Is the word “men,” as used in sec. 13, to be restricted in- meaning to males, or may it be interpreted as applicable also to women? In my opinion the latter view should prevail.

It was urged on the argument by the defendants that, when the framers of the Constitution wrote “good and lawful men,” they had in mind only males as competent jurors, and that, therefore, this legislative intent gives to the language used a fixed and unyielding interpretation, now controlling. Let us examine this contention.

The Constitution in which this section is incorporated was framed, adopted and ratified in 1868. When the framers wrote the words “good and lawful men” they must be understood to have had in mind also the then existing legislative interpretation and meaning of the words used. At that time the statute in effect, the Revised Code of 1855, ch. 108, declared that “every word imputing the masculine gender only shall extend to and be applied to females as well as males.” The statute then in force construing the meaning of words must be held to shed light on the intent of the framers of the Constitution in the use of those words. The words “good and lawful men” were adapted from the ancient Latin phrase “liberi et legales" meaning freemen and those legally qualified. There is no record that the question of the competency of women as jurors was considered in the Constitutional Convention of 1868 in this connection.

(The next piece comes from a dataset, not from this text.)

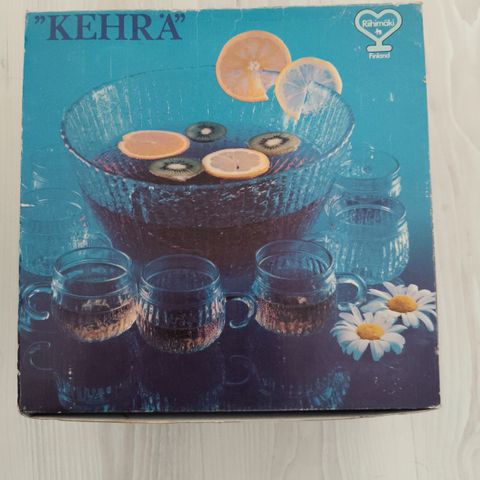 Riihimäenlasin Kehrä boolimalja+8 boolimukia. Hinta 27€. Postikulut ostajalle, nouto Inkoo tai kulkeutuu omien menojen mukaan välillä Inkoo-Hki.

Equally so there appears no purpose to disqualify them, and in attempting an interpretation of the intent of the framers of the Constitution we can only do so by consideration of the language used in the light of existing law with which they are presumed to have been acquainted.

*591Upon another ground, also, I think the language of the Constitution should not be held to a rigid and inelastic construction when it conflicts with the progress of human thought and changing social conditions. It should be more liberally construed so as to meet the needs of a complex and growing civilization. I think this section of the Constitution is capable of the reasonable interpretation, in accord with modern thought, which would not disqualify women for this important service. I think it should be given this interpretation in the light of the progressive changes in the status of women and their equal share with men in the powers and responsibilties of government and justice. I do not think the courts should he restricted to the mere ascertainment of what we think now was in the minds of the framers of the Constitution who, however wisely they laid the foundations, could not envision the limitless future, else we should be fettered by the dead hand of the past.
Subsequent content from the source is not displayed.